Dakota: We’ve recently started a ‘maintenance’ backlog where engineers can file tickets for things they’d like to work on— refactoring, documentation, performance optimization, and feature enhancements. Every fourth sprint, each team picks the tickets they want out of the maintenance epics and works on that for a full sprint instead of the product roadmap. It’s a nice way of making sure the code base stays tidy and letting devs prioritize the areas they want to improve inside the application while still shipping features on time.
What is the culture like at Wellframe for the engineering team?
Vidya: We have a very collaborative culture that is open to ideas and we believe in helping each other as much as possible. We leave egos at the door. Everyone here is very humble. The engineering leadership has an open door policy that listens and deeply cares about the team.
Dakota: Engineering culture at Wellframe is, above all, collaborative and humble. Improving patient outcomes through digital health is complicated, and it requires a lot of different skillsets— frontend, backend, devops, mobile, data science, and analytics all need to work closely together to pull it off well. There’s always another area of the platform to explore and someone willing to teach you about it.

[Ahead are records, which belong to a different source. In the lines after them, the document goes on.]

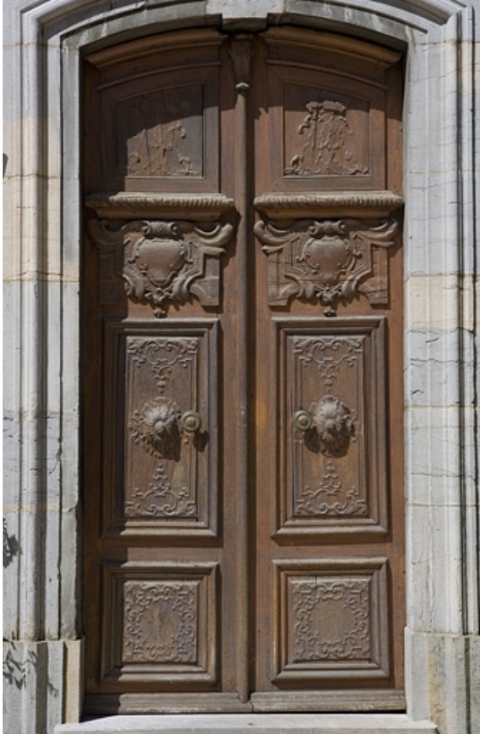
Détail des vantaux de la porte d'entrée du logis.

25, Besançon, 11 rue de la Convention, lieudit : îlot Boitouset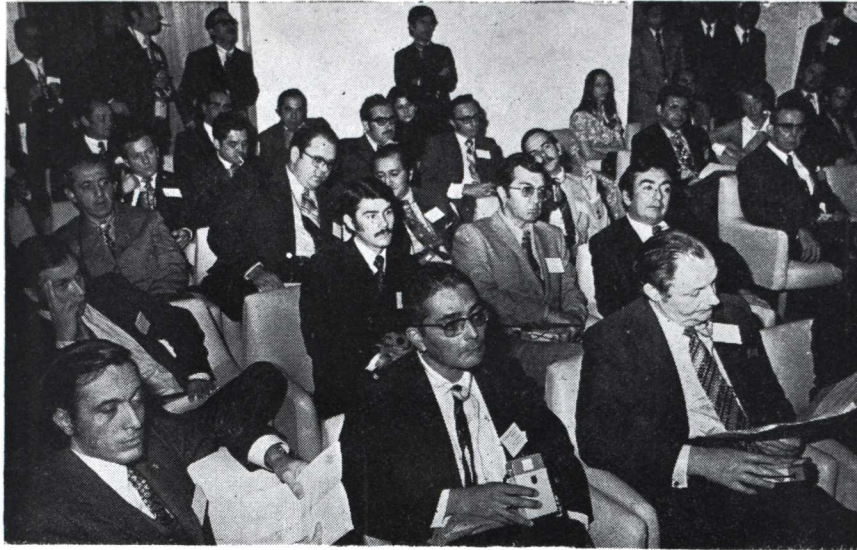
Aspecto general de la sala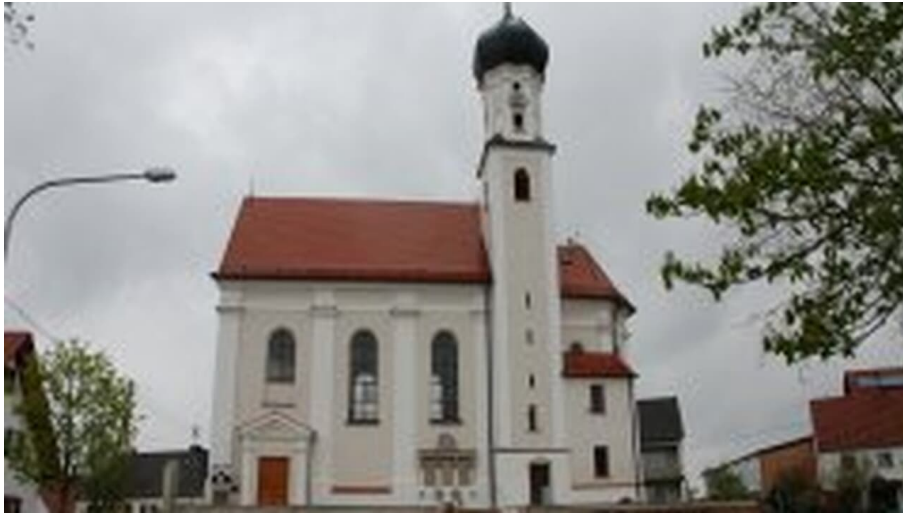
St. Peter und Paul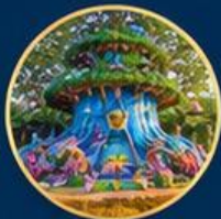
โลกแฟนตาซี Fantasy World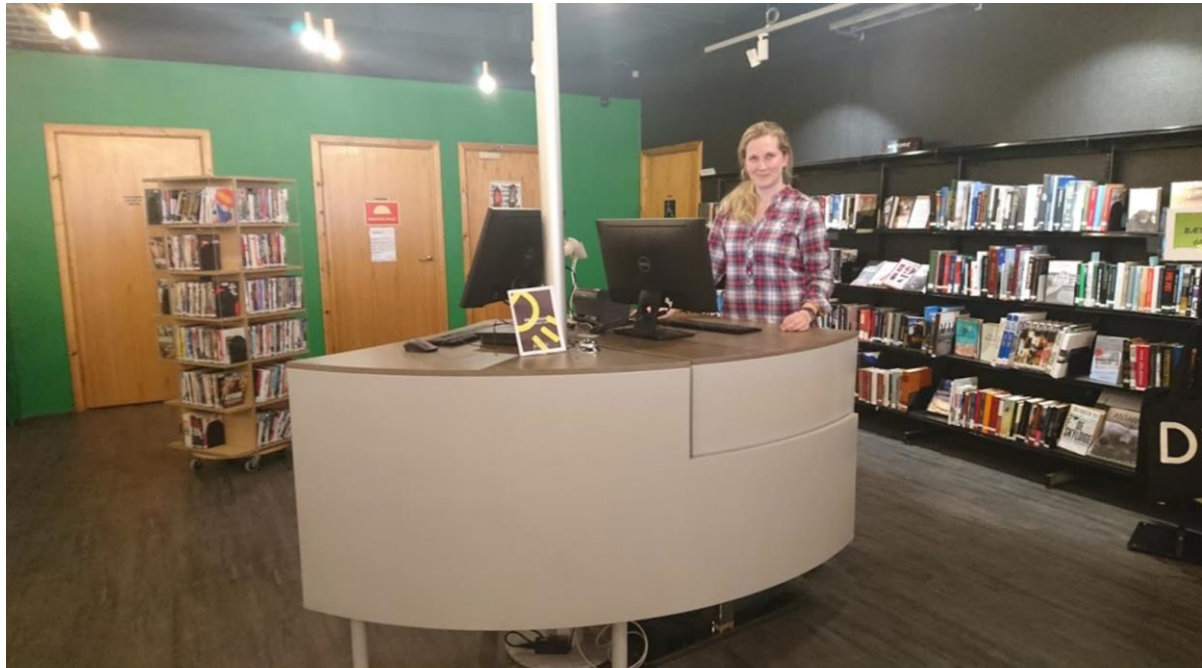
Vor der Umgestaltung

What can a potential employee expect during the interview process?
Vidya: Our interview process starts with an initial tech screen to assess interest and technical fit. It is followed by a series of one on one interviews with engineers and the hiring manager of the team. We schedule the one on one interviews on the same day and candidates interviewing should expect the interviews to last anywhere from 2 to 3 hours. We look for passionate, curious engineers who love to work in a collaborative and humble environment.

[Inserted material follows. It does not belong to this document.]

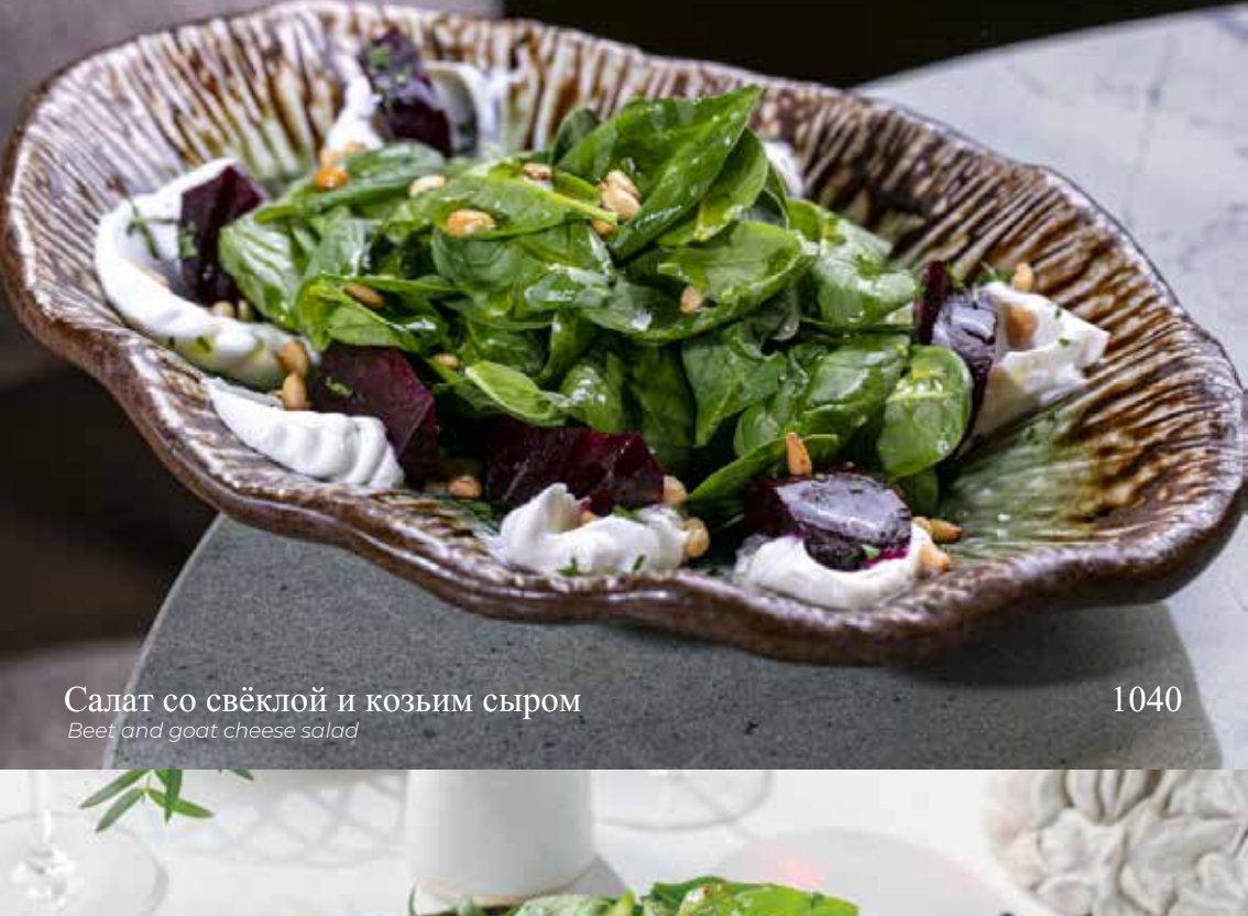
Салат со свёклой и козьим сыром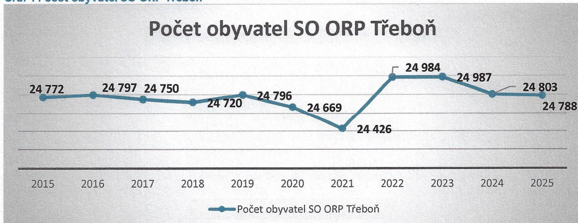
Graf 1 Počet obyvatel SO ORP Třeboň

Pozn. Data za rok 2025 jsou uvedena k 30.9.2025.

Dakota: The typical interview process is a phone call and a brief technical screen via CoderPad. If there's mutual interest, that's followed by a round of one-on-one technical interviews with engineers from the team you'd be working on. There is a technical component to the in-person interviews, but we’re more interested in seeing your thought process than knowledge of a particular algorithm or framework. We also love to hear about what projects you’ve worked on and what problems you’ve passionate about solving.
Are you involved in any local tech organizations or Meetups?
Vidya: Not currently due to the pandemic, but really looking forward to getting back to this once in-person events are possible again!
Dakota: We’ve hosted a number of events in the healthtech space, including an annual summit on digital health transformation and workshops on design thinking for healthcare. A lot of folks attend local meetups and conferences for their favorite tech stacks as well, and we’re looking to sponsor some of these events as the city starts to open back up.
Rapid Fire Q&A
What’s on tap?
Nitro cold brew and various seltzer flavors (side note: the team really misses our Bevi)
Star Wars or Star Trek?
Star Wars
iPhone or Android?
Android
Coffee - hot or iced?
Hot
Favorite employee perk?
Remote work (even without a pandemic happening)
What TV show describes the engineering team’s culture?
Rick & Morty
What music is playing in your office?
Music tastes are eclectic, but there is a Jazz in the Background Spotify playlist they all seem to really enjoy
View from your office
Messiest goes to Rhonda McDonough, Software Engineering Manager: (she is learning several musical instruments while working from home)
Team Profiles


Dakota O'Dell is a senior full-stack software engineer at Wellframe. He has a background in medical technology and a passion for using data to improve the delivery of healthcare. When not pushing code, Dakota enjoys hiking.